Small-Diameter Vessels Reconstruction Using Cell Tissue-Engineering Graft Based on the Polycaprolactone

Abstract

Abstract Polycaprolactone (PCL) is widely applied for the construction of small-diameter tissue-engineered vascular grafts (TEGs) due to its biomechanical properties, slow degradation, and good biocompatibility. In the present study the TEG based on a tubular scaffold seeded with smooth muscle aortic cells (SMCs) in a rat abdominal aorta replacement model was tested.
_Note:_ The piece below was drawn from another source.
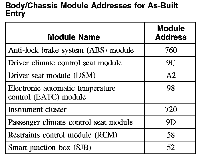 As-Built data is a VIN specific module configuration record. During vehicle build, the configuration from all modules is downloaded and stored in the As-Built database. As Built data will not reflect customer preference items that have been changed from the default state. These items will need to be changed using programmable parameters after the module is configured.

Polyester tubular scaffolds were generated by thermally induced phase separation and seeded with rat SMCs. To track the implanted SMCs in vivo, cells were labeled with superparamagnetic iron oxide nanoparticles (SPIONs). Histological evaluation of the migration of autologous endothelial cells (ECs) and formation of the endothelial lining was performed 4, 8, and 12 weeks after graft interposition. TEG demonstrated a high patency rate without any complications at the end of the 12-week period. The migration of ECs into the lumen of the implanted TEG and formation of the cell monolayer were already present at 4 weeks, as confirmed by histological analysis. The architecture of both neointima and neoadventitia were similar to those of the native vessel. SPION-labeled SMCs were detected throughout the TEG, indicating the role of these cells in the endothelization of scaffolds. The SMC-seeded scaffolds demonstrated improved patency and biointegrative properties when compared to the acellular grafts.